* _AIM OF THE TASK_
With the pictures removed, please write out every line below exactly as given.

* _SUPPLIED MATERIAL_

···

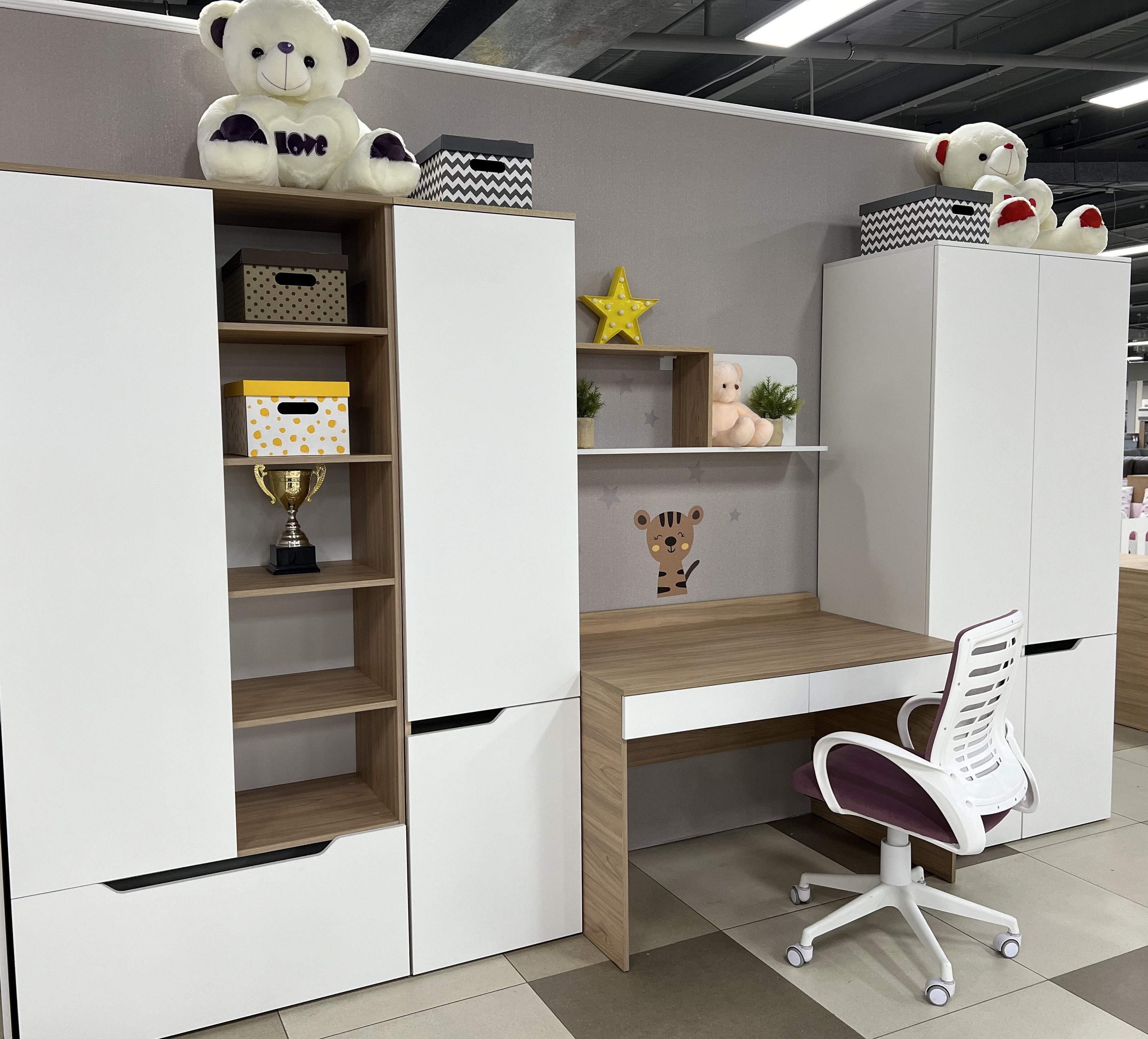 кровать односпальная + кровать-чердак + стол + тумба для стола + полка навесная + шкаф-стеллаж
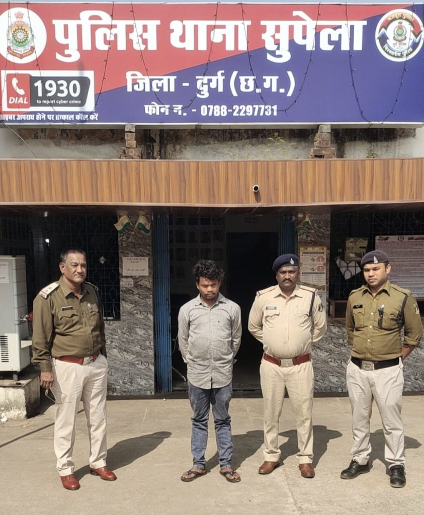 आरोपी को विधिवत् गिरफ्तार कर न्यायायिक रिमाण्ड पर भेजा गया है। इस महत्वपूर्ण कार्यवाही में थाना प्रभारी सुपेला निरीक्षक राजेश मिश्रा, उप निरीक्षक मनीष बाजपेयी, सउनि अजय शंकर अविनाशी, एसीसीयू टीम का विशेष योगदान रहा।
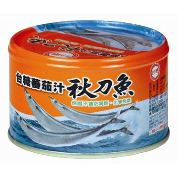 成分:秋刀魚、番茄糊、蔗糖、鹽、乙醯化己二酸二澱粉(粘稠劑)、甘草粉、大豆油。

···

* _WRITTEN SOLUTION_
 кровать односпальная + кровать-чердак + стол + тумба для стола + полка навесная + шкаф-стеллаж
 आरोपी को विधिवत् गिरफ्तार कर न्यायायिक रिमाण्ड पर भेजा गया है। इस महत्वपूर्ण कार्यवाही में थाना प्रभारी सुपेला निरीक्षक राजेश मिश्रा, उप निरीक्षक मनीष बाजपेयी, सउनि अजय शंकर अविनाशी, एसीसीयू टीम का विशेष योगदान रहा।
 成分:秋刀魚、番茄糊、蔗糖、鹽、乙醯化己二酸二澱粉(粘稠劑)、甘草粉、大豆油。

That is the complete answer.